**ACTION ITEM:** Below are the entries. Print only the lines starting at the one with "Clever black paper" and ending at the one with "Med Saler kan", exactly, with no pictures.

**SUPPLIED ENTRIES:**
○ ○ ○ ○ ○ ○ ○
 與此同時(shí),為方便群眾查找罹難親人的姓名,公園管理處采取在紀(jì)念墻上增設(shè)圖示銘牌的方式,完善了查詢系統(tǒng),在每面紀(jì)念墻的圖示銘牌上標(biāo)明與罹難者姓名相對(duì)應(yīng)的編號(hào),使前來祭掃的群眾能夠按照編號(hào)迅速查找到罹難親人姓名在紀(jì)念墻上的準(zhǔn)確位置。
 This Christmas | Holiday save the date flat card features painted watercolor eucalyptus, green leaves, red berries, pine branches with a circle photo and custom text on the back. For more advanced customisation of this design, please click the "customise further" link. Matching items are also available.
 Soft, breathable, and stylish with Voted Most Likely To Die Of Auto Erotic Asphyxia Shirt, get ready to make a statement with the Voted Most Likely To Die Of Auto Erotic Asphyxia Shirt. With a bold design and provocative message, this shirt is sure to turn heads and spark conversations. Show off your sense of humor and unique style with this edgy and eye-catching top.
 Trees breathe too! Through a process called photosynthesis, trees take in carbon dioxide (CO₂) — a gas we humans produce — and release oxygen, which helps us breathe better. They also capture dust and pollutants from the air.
○ ○ ○ ○ ○ ○ ○
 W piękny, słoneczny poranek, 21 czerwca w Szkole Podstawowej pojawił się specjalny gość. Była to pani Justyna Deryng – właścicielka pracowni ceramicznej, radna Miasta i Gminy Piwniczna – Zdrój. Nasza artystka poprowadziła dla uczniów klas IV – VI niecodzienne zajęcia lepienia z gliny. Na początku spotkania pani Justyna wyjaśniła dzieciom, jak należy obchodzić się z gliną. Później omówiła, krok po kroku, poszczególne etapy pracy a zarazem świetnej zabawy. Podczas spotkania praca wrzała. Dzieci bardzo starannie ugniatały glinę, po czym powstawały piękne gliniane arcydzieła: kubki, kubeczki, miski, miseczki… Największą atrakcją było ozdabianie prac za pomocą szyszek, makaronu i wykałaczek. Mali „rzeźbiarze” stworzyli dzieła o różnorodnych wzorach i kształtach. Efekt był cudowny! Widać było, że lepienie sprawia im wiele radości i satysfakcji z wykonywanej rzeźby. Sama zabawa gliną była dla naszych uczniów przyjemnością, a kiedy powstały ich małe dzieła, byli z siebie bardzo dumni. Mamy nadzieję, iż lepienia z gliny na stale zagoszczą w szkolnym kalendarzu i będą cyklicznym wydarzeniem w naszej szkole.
○ ○ ○ ○ ○ ○ ○
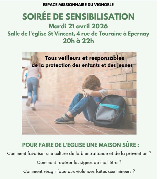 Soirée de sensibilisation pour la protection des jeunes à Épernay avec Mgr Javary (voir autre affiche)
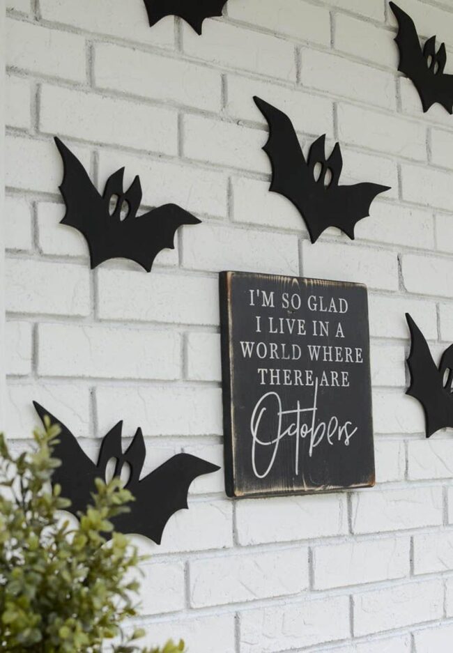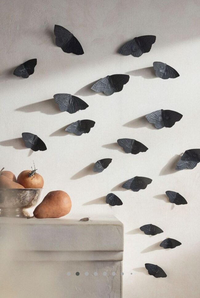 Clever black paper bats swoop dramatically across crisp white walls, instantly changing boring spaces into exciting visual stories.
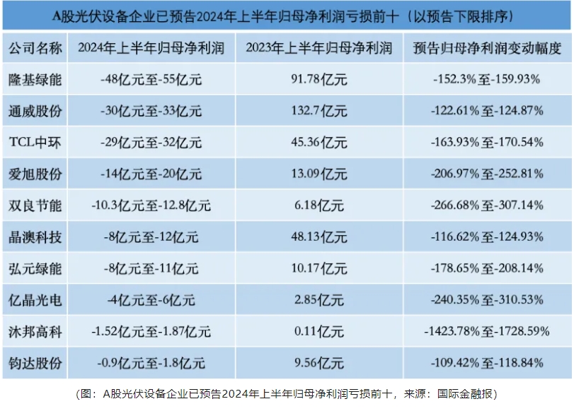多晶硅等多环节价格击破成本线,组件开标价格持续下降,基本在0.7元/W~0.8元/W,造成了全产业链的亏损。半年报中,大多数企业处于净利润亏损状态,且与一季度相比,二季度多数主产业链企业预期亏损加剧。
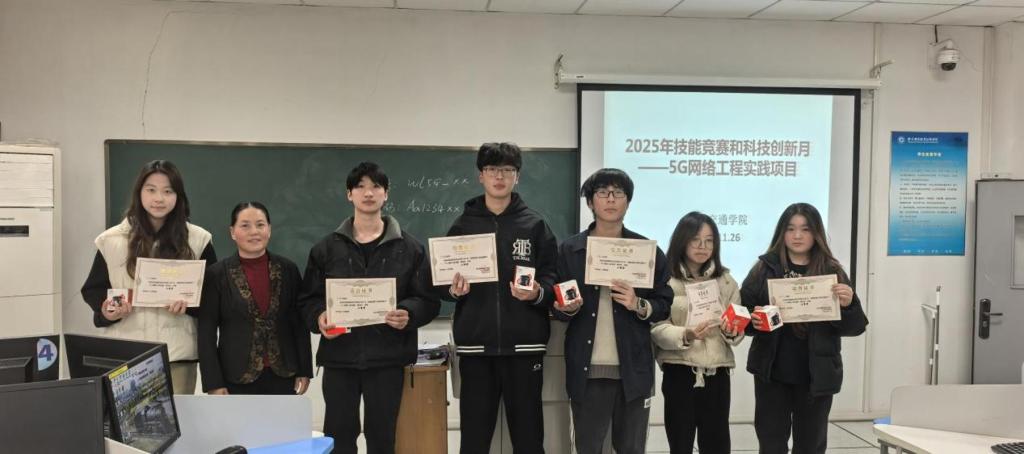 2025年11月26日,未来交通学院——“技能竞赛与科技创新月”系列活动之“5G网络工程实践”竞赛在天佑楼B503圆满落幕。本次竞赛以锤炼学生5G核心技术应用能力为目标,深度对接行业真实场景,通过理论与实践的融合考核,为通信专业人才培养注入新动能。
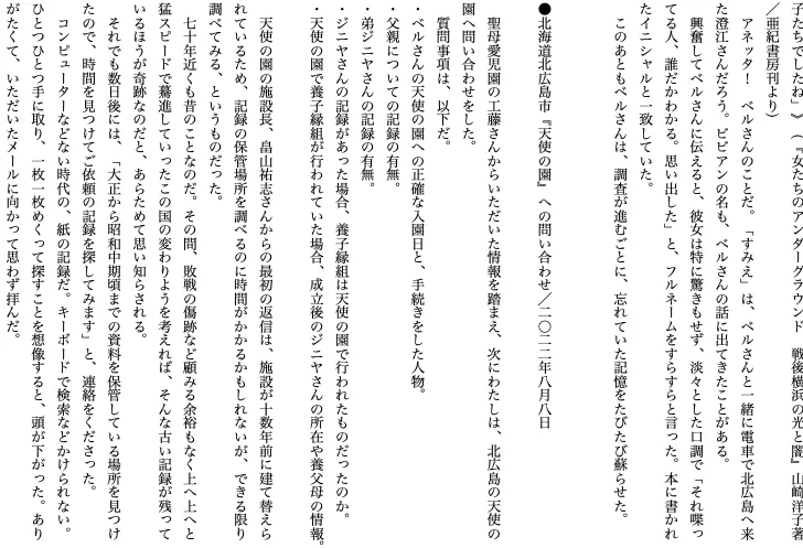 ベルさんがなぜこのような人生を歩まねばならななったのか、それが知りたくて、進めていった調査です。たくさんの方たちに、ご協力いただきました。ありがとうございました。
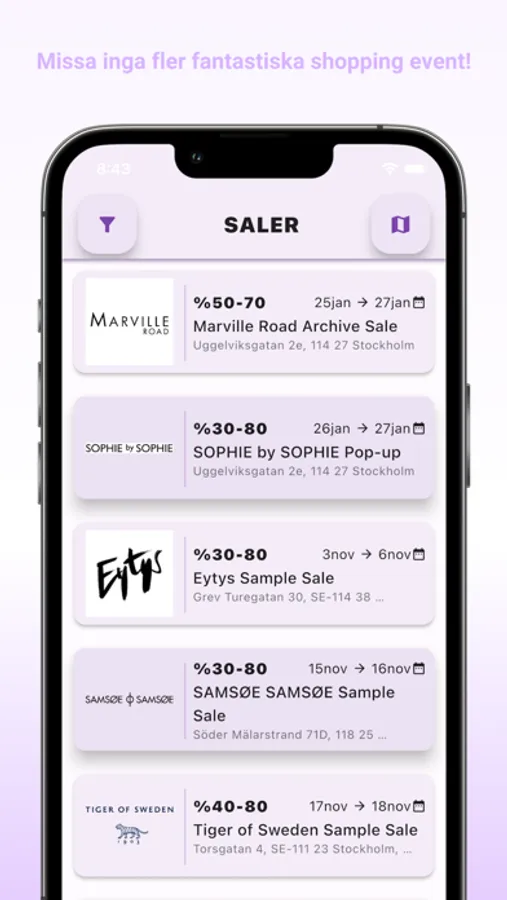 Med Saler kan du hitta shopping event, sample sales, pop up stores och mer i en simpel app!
○ ○ ○ ○ ○ ○ ○
**SOLUTION FOR THIS PROBLEM:**
 Clever black paper bats swoop dramatically across crisp white walls, instantly changing boring spaces into exciting visual stories.
多晶硅等多环节价格击破成本线,组件开标价格持续下降,基本在0.7元/W~0.8元/W,造成了全产业链的亏损。半年报中,大多数企业处于净利润亏损状态,且与一季度相比,二季度多数主产业链企业预期亏损加剧。
 2025年11月26日,未来交通学院——“技能竞赛与科技创新月”系列活动之“5G网络工程实践”竞赛在天佑楼B503圆满落幕。本次竞赛以锤炼学生5G核心技术应用能力为目标,深度对接行业真实场景,通过理论与实践的融合考核,为通信专业人才培养注入新动能。
 ベルさんがなぜこのような人生を歩まねばならななったのか、それが知りたくて、進めていった調査です。たくさんの方たちに、ご協力いただきました。ありがとうございました。
 Med Saler kan du hitta shopping event, sample sales, pop up stores och mer i en simpel app!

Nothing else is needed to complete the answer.